Then there’s missile defense, another new presidential favorite. Shanahan presided over Boeing’s missile defense division at a time when one of the systems being developed was the Airborne Laser, meant to zap launched nuclear missiles with lasers installed on Boeing 747 aircraft. The project, a dismal failure, was cancelled after more than $5 billion in taxpayer funds had been sunk into it. The Pentagon’s latest “Star Wars”-style anti-missile technology, whose development was just announced by President Trump, calls for a major investment in an equally impractical set of technologies at a price that Joseph Cirincione of the Ploughshares Fund suggests could reach $1 trillion in the decades to come.

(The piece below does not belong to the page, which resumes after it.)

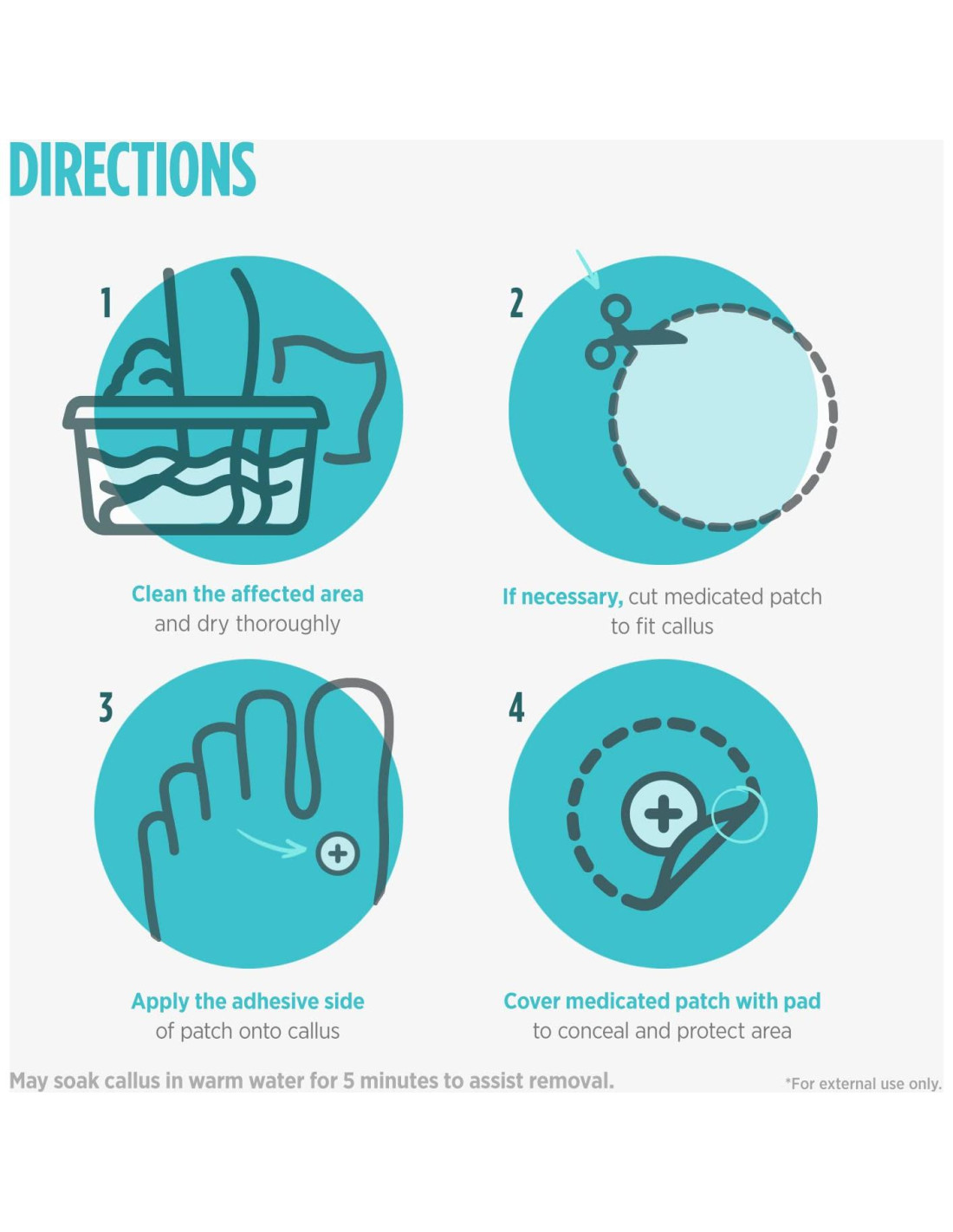 - Tratamiento Conveniente para la Eliminación de Callos: Cada parche removedor de callos medicado oculta y protege para mayor comodidad; Mantén los callos fuera de la vista y fuera de la mente mientras ocurre la curación

Among Boeing’s current missile-defense programs is the Ground-Based Midcourse Defense System, an array of land-based interceptor missiles that has already failed the majority of its tests. It’s unlikely that it will ever function effectively in a situation in which incoming warheads would be accompanied by large numbers of decoys. The Congressional Budget Office has identified the cancellation of the program as one obvious decision that could save significant sums. But what chance is there that Shanahan would support such a decision, given all those years in which he advocated for that missile-defense system at Boeing?

Or take nuclear policy. His former company is one of two finalists to build a new intercontinental ballistic missile (ICBM). Critics of such weapons systems like Clinton administration Secretary of Defense William Perry point out that ICBMs are the most dangerous and unnecessary leg of the U.S. nuclear triad, since in a potential war they might need to be launched on only minutes’ notice, lest they be lost to incoming enemy nukes. Even some of their supporters have questioned the need for a brand-new ICBM when older ones could be upgraded. Nuclear hawks might eventually be persuaded to adopt such a position, too, since the cost of the Pentagon’s across-the-board $1.5 trillion “modernization” of the U.S. nuclear arsenal (including the production of new nuclear bombers, missiles, and warheads) will otherwise begin to impinge on department priorities elsewhere. But how likely is Shanahan to seriously entertain even such modest critiques when they threaten to eliminate a huge potential payday for Boeing?

Finally, there is the issue of U.S. support for the brutal war launched by Saudi Arabia and the United Arab Emirates (UAE) in Yemen nearly four years ago. Boeing’s combat planes, bombs, and attack helicopters have played a central role in that conflict, which has killed tens of thousands of civilians, while a Saudi blockade of the country has put millions more at risk of famine. In addition, Boeing continues to benefit from a $480 million contract to service the F-15s it has supplied to the Royal Saudi Air Force.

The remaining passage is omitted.